Ах, если бы я был начеку против человека, как мог бы человек быть якорем для моего шара! Слишком легко меня потянуло бы вверх и прочь!

Это провидение над моей судьбой, что я должен быть без предусмотрительности.

И тот, кто не хочет томиться среди людей, должен научиться пить из всех стаканов; и тот, кто хочет оставаться чистым среди людей, должен уметь мыться даже грязной водой.

И так я часто говорил себе для утешения: «Мужайся! Выше голову! старое сердце! Несчастье не случилось с тобой: наслаждайся этим как своим — счастьем!»

Это, однако, моя другая мужественная осмотрительность: я более снисходителен к ТЩЕСЛАВНЫМ, чем к гордым.

Разве уязвленное тщеславие не мать всех трагедий? Там же, где уязвлена гордость, вырастает нечто лучшее, чем гордость.

Чтобы жизнь была прекрасна для созерцания, её игра должна быть хорошо сыграна; для этой цели, однако, нужны хорошие актеры.

Хорошими актерами я нашел всех тщеславных: они играют и хотят, чтобы люди любили смотреть на них — весь их дух в этом желании.

Они представляют себя, они изобретают себя; в их соседстве я люблю смотреть на жизнь — это лечит от меланхолии.
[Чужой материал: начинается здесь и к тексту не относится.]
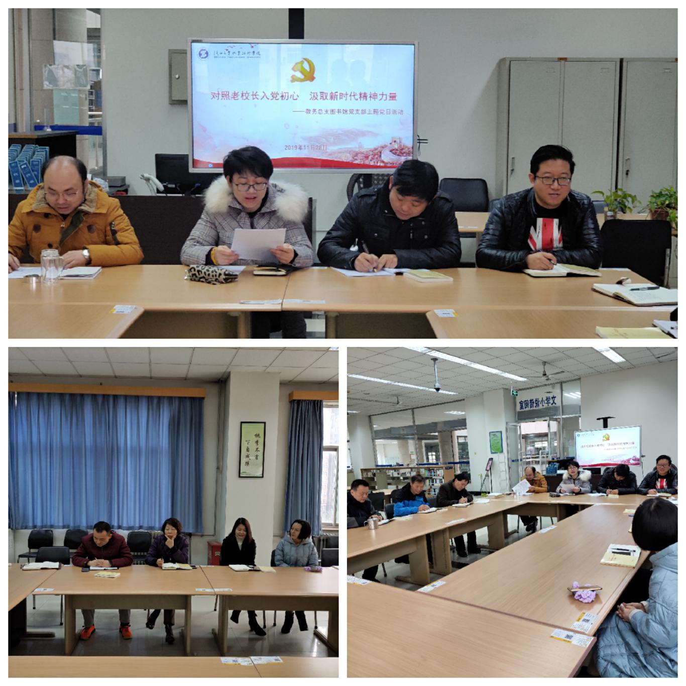 11月28日上午,图书馆党支部在图书馆四楼南书库开展“对照老校长入党初心,汲取新时代精神力量”主题党日活动。活动由支部书记王丁同志主持,图书馆支部全体党员参加了本次主题党日活动。

Поэтому я снисходителен к тщеславным, потому что они — врачи моей меланхолии и удерживают меня привязанным к человеку, как к драме.

И далее, кто постигнет всю глубину скромности тщеславного человека! Я благосклонен к нему и сочувствую из-за его скромности.

От вас хотел бы он научиться своей вере в себя; он питается вашими взглядами, он ест похвалу из ваших рук.

Вашу ложь он верит даже тогда, когда вы лжете в его пользу: ибо в глубине его сердца вздыхает: «Что я такое?»

И если истинная добродетель та, что не осознает себя, — что ж, тщеславный человек не осознает своей скромности!—

Это, однако, моя третья мужественная осмотрительность: я не теряю расположения к ЗЛЫМ из-за вашей робости.

Я счастлив видеть чудеса, которые высиживает теплое солнце: тигров, пальмы и гремучих змей.

Также среди людей есть прекрасный выводок теплого солнца, и много чудесного в злых.

По правде говоря, как ваши мудрейшие не казались мне такими уж мудрыми, так нашел я и человеческую злобу ниже её славы.

И часто я спрашивал, качая головой: зачем еще греметь, вы, гремучие змеи?

Воистину, есть еще будущее даже для зла! И самый теплый юг еще не открыт человеком.

Как много вещей сейчас называют величайшим злом, которые всего двенадцать футов в ширину и три месяца в длину! Когда-нибудь, однако, в мир придут драконы побольше.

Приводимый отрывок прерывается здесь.